====== Records shown ======
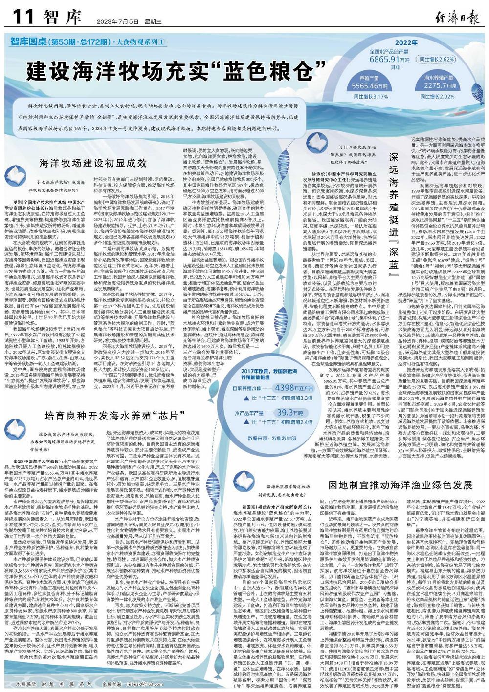 秦宏(中国海洋大学教授):水产品是重要农产品,为我国居民提供了30%的优质动物蛋白。2022年我国水产养殖产量5565.46万吨(其中海水养殖产量2275.7万吨),占水产品总产量的81%,是世界唯一水产品养殖产量超过捕捞产量的国家。在海洋渔业资源日益枯竭背景下,海水养殖成为海洋食物的主要来源。
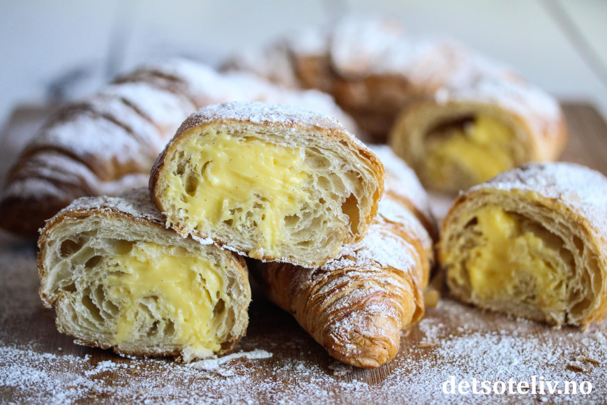 ♥ Lyst til å lage enkle Croissanter med fyll? Se Mandelcroissanter (Croissants aux amandes) og Croissanter med pistasjkrem.
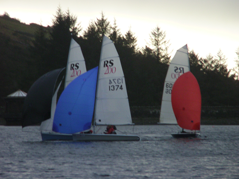 A South Easterly forecast with rain could have put a few off especially those who know what a mess it can make of the breeze on the lake but after a little hesitation from the older hands, youth took over and a fleet of 13 dinghies set off up the lake for the start line through the gusts, lulls, shifts and showers.
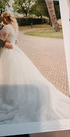 Abito da sposa Sottero, impreziosito e modificato con applicazioni strass e pizzo, aggiunta di maniche di pizzo, ampia sottogonna, aggiunta di cintura strass e perline, corpino con perline e Swarovski e in tutta la gonna ripresa con i ricami, strato di glitter sotto il primo velo della gonna, velo copricapo con ricamo.
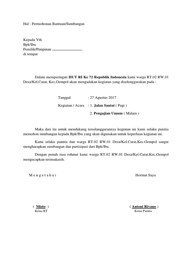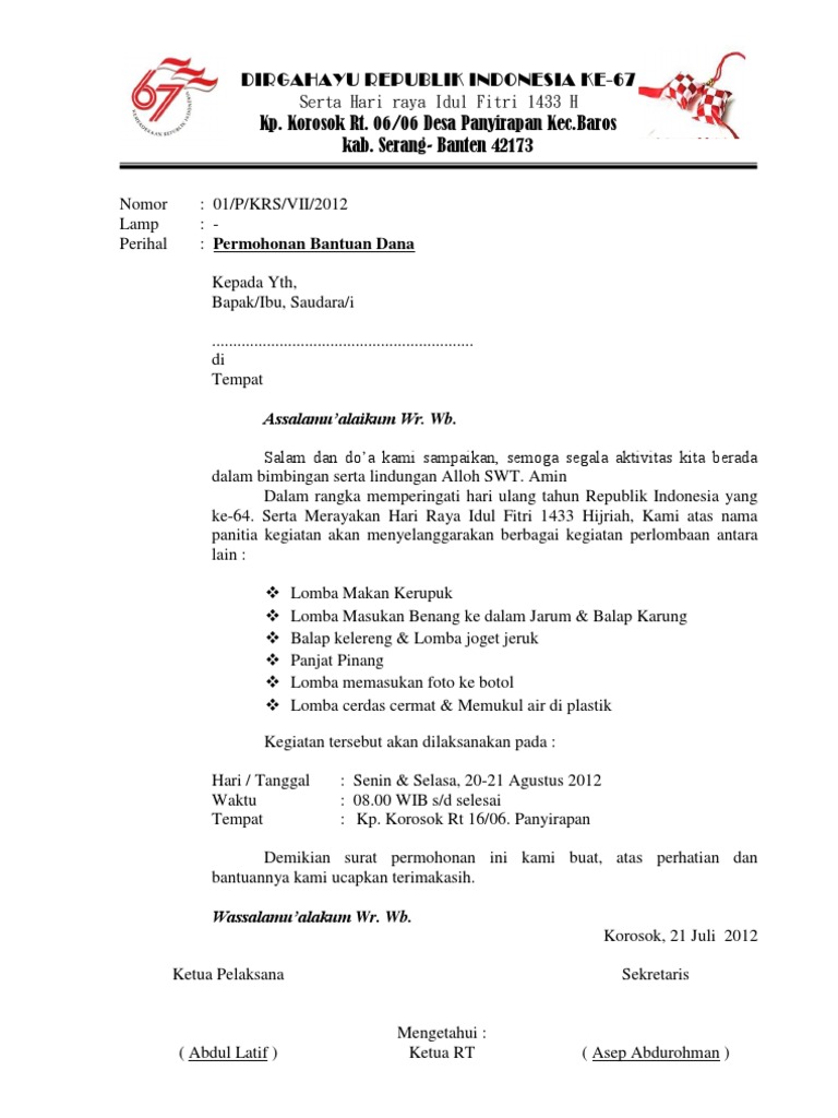 Contoh Surat Permohonan Bantuan Dana Kegiatan 17 Agustus Doc
======
Exercise requirements:
Give the entries back verbatim and omit the images.

Result for this exercise:
 秦宏(中国海洋大学教授):水产品是重要农产品,为我国居民提供了30%的优质动物蛋白。2022年我国水产养殖产量5565.46万吨(其中海水养殖产量2275.7万吨),占水产品总产量的81%,是世界唯一水产品养殖产量超过捕捞产量的国家。在海洋渔业资源日益枯竭背景下,海水养殖成为海洋食物的主要来源。
 ♥ Lyst til å lage enkle Croissanter med fyll? Se Mandelcroissanter (Croissants aux amandes) og Croissanter med pistasjkrem.
 A South Easterly forecast with rain could have put a few off especially those who know what a mess it can make of the breeze on the lake but after a little hesitation from the older hands, youth took over and a fleet of 13 dinghies set off up the lake for the start line through the gusts, lulls, shifts and showers.
 Abito da sposa Sottero, impreziosito e modificato con applicazioni strass e pizzo, aggiunta di maniche di pizzo, ampia sottogonna, aggiunta di cintura strass e perline, corpino con perline e Swarovski e in tutta la gonna ripresa con i ricami, strato di glitter sotto il primo velo della gonna, velo copricapo con ricamo.
 Contoh Surat Permohonan Bantuan Dana Kegiatan 17 Agustus Doc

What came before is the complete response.